Pourquoi certains accusés demeurent-ils détenus avant leur procès?
Dans un article précédent, nous avons traité du cas de la fillette décédée tragiquement à Granby le 30 avril 2019. Le 10 juin dernier, suite à l’enquête sur remise en liberté du père de celle-ci, l’Honorable Serge Champoux, juge en Cour du Québec, a statué qu’il devrait demeurer détenu en attendant son procès. Pourquoi est-il demeuré détenu, alors que d’autres accusés faisant face à des accusations similaires sont parfois remis en liberté?
En tant qu’avocats criminalistes, il s’agit d’une question à laquelle nous devons fréquemment répondre… Dans l’article qui suit, nous tâcherons de vous expliquer sommairement les principes de la libération sous cautionnement en droit canadien.
Le droit fondamental à un cautionnement raisonnable
Tel qu’évoqué dans un article précédent, le droit de ne pas être privé d’une remise en liberté assortie d’un cautionnement raisonnable est fondamental, et la détention avant procès doit demeurer l’exception, tout accusé bénéficiant toujours à ce stade de la présomption d’innocence.
Les critères prévus au code criminel
L’article 515(10) du Code criminel prévoit les critères que les juges doivent considérer avant de rendre une ordonnance de détention avant procès.

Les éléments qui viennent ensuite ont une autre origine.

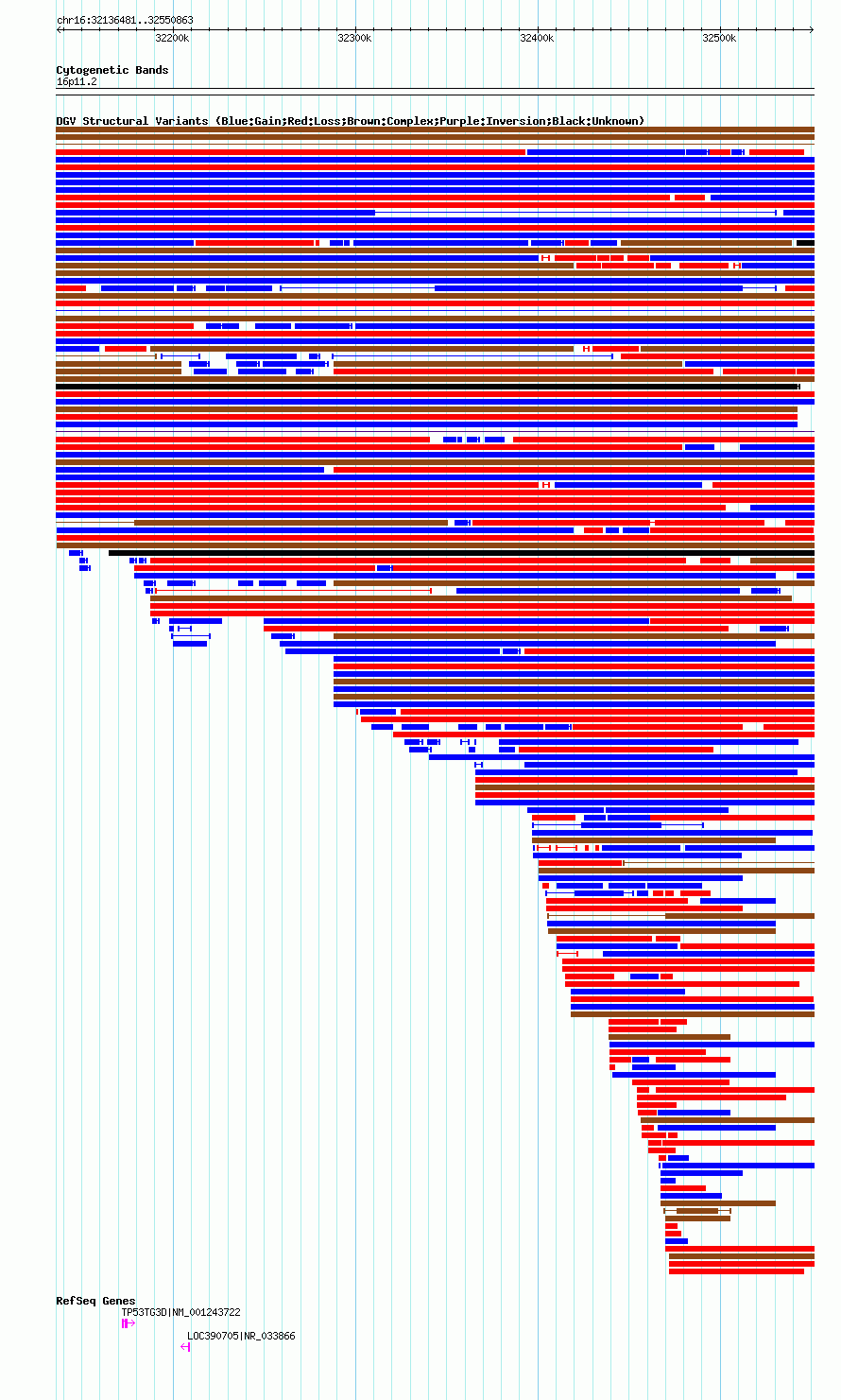 Variant DetailsVariant: nsv1058293| Internal ID | 19147512 | | Landmark | | | Location Information | | | Cytoband | 16p11.2 | | Allele length | | Assembly | Allele length | | hg38 | 414383 | | hg19 | 414383 | | hg18 | 414383 |

Grosso modo, trois cas de figure doivent être considérés :
(1) L’accusé qui risque de “s’enfuir” et de ne pas se présenter à son procès ;
(2) L’accusé qui présente un risque marqué de récidiver de manière à compromettre la sécurité publique ;
(3) L’accusé dont la remise en liberté minerait la confiance du public.
Le fardeau de la preuve
Sauf dans les cas spécifiques prévus au Code criminel, c’est toujours la poursuite qui a le fardeau de prouver que la détention est nécessaire. Par exemple, si un individu est détenu suite à des bris de condition, ce sera à lui de démontrer que sa détention n’est pas nécessaire eut égard aux critères pertinents. Il en sera de même pour un individu accusé de meurtre, et dans ce cas, seul un juge de la Cour supérieure pourra ordonner sa remise en liberté.
Une question de faits
Comme c’est toujours le cas dans le domaine du droit criminel, les décisions des juges en matière de remise en liberté sont essentiellement tributaires des faits particuliers à chaque affaire. Par exemple, s’il est mis en preuve que l’accusé était intoxiqué au moment des faits, un juge pourrait être tenté de le remettre en liberté à condition qu’il intègre une ressource en réadaptation de la dépendance, si celui-ci témoigne être motivé à le faire. Inversement, si le profil de l’accusé témoigne de plusieurs antécédents de bris de condition, un juge pourrait avoir du mal à lui faire confiance quant au respect de ses conditions advenant sa remise en liberté.
Comme on peut le constater encore une fois, le droit criminel est un domaine de pratique sophistiqué et tout en nuances. C’est pourquoi nos avocats criminalistes tâchent de demeurer à la fine pointe des derniers développements.